Here, on appeal from my June 2014 decision, the Appellate Division directed that the condominium make available to plaintiff contact information for the other unit owners in "written form and any other format in which the condominium or its managing agent maintains such information." (104 AD3d at 442). It relied on Matter of Bohrer v Intl. Banknote Co., wherein it held, before the onset of more advanced technological improvements in computing, that a corporation was required to release certain information to its shareholder by providing the shareholder with magnetic computer tapes and such computer processing data as is necessary to make use of the tapes and printouts. (150 AD2d 196 [1st Dept 1989]). It may thus be inferred that the production of information in electronic form is permissible and may be ordered.

And, in light of the Act's purpose, and absent contrary authority, the right to inspect is reasonably extended to the right to obtain electronic versions of and/or copying corporate documents. (See e.g., Matter of Mook v Am.
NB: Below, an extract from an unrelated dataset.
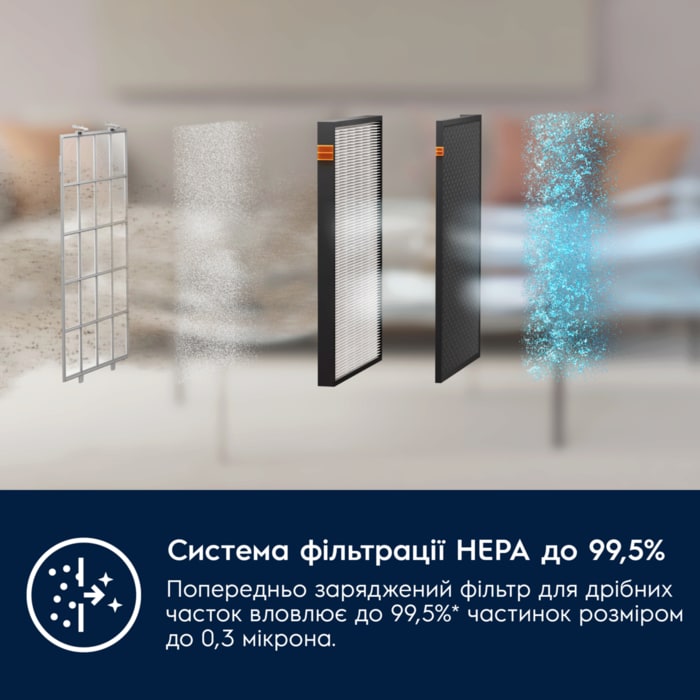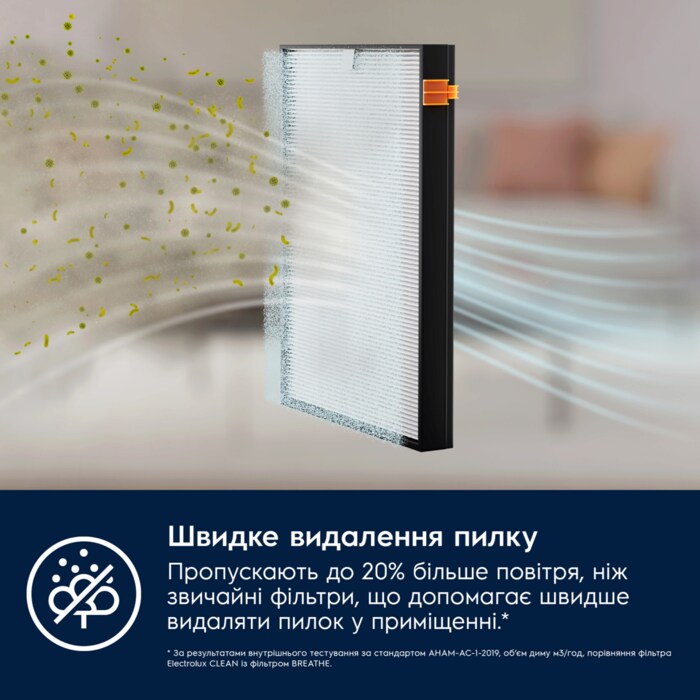 *Внутрішні випробування згідно зі стандартом AHAM-AC-1-2019, задимлення м3/год, при порівнянні фільтра CLEAN із фільтром BREATHE від Electrolux.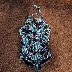 Speedo- Women's Halter Swimsuit Floral Print One-Piece, Size L

Fabrics Co., 17 NY2d 756 [1966] [affirming order compelling corporation to permit stockholders to inspect corporate books and records and "make copies and take extracts therefrom"]; Matter of De Paula v Memory Gardens, Inc., 96 AD2d 641 [3d Dept 1983] [petitioner's application to inspect and copy certain documents, including minutes, reports and membership properly granted]; Matter of Raynor v Yardarm Club Hotel, Inc., 32 AD2d 788 [2d Dept 1969] [affirming petition granting shareholder permission to inspects corporation's books and records and make copies and extracts thereof]; cf. Matter of Becker v Lunn, 200 AD 178, 180 [3d Dept 1922] [in construing General Municipal Law § 51, finding right to copy necessary incident of right to inspect, "for otherwise the purpose of the inspection would largely be thwarted, or at least the person making the inspection would be subjected to much inconvenience and loss of time."]).

In any event, defendants' fear of public dissemination of the documents may be ameliorated with a confidentiality order, which plaintiff has agreed to sign.

3. Right to inspect and copy unredacted legal invoices

a. Contentions

Plaintiff contends that as the board owes a fiduciary duty to the unit owners, it has an unqualified obligation to provide her with all legal invoices beginning in 2008 and not pertaining to the current litigation. (NYSCEF 219).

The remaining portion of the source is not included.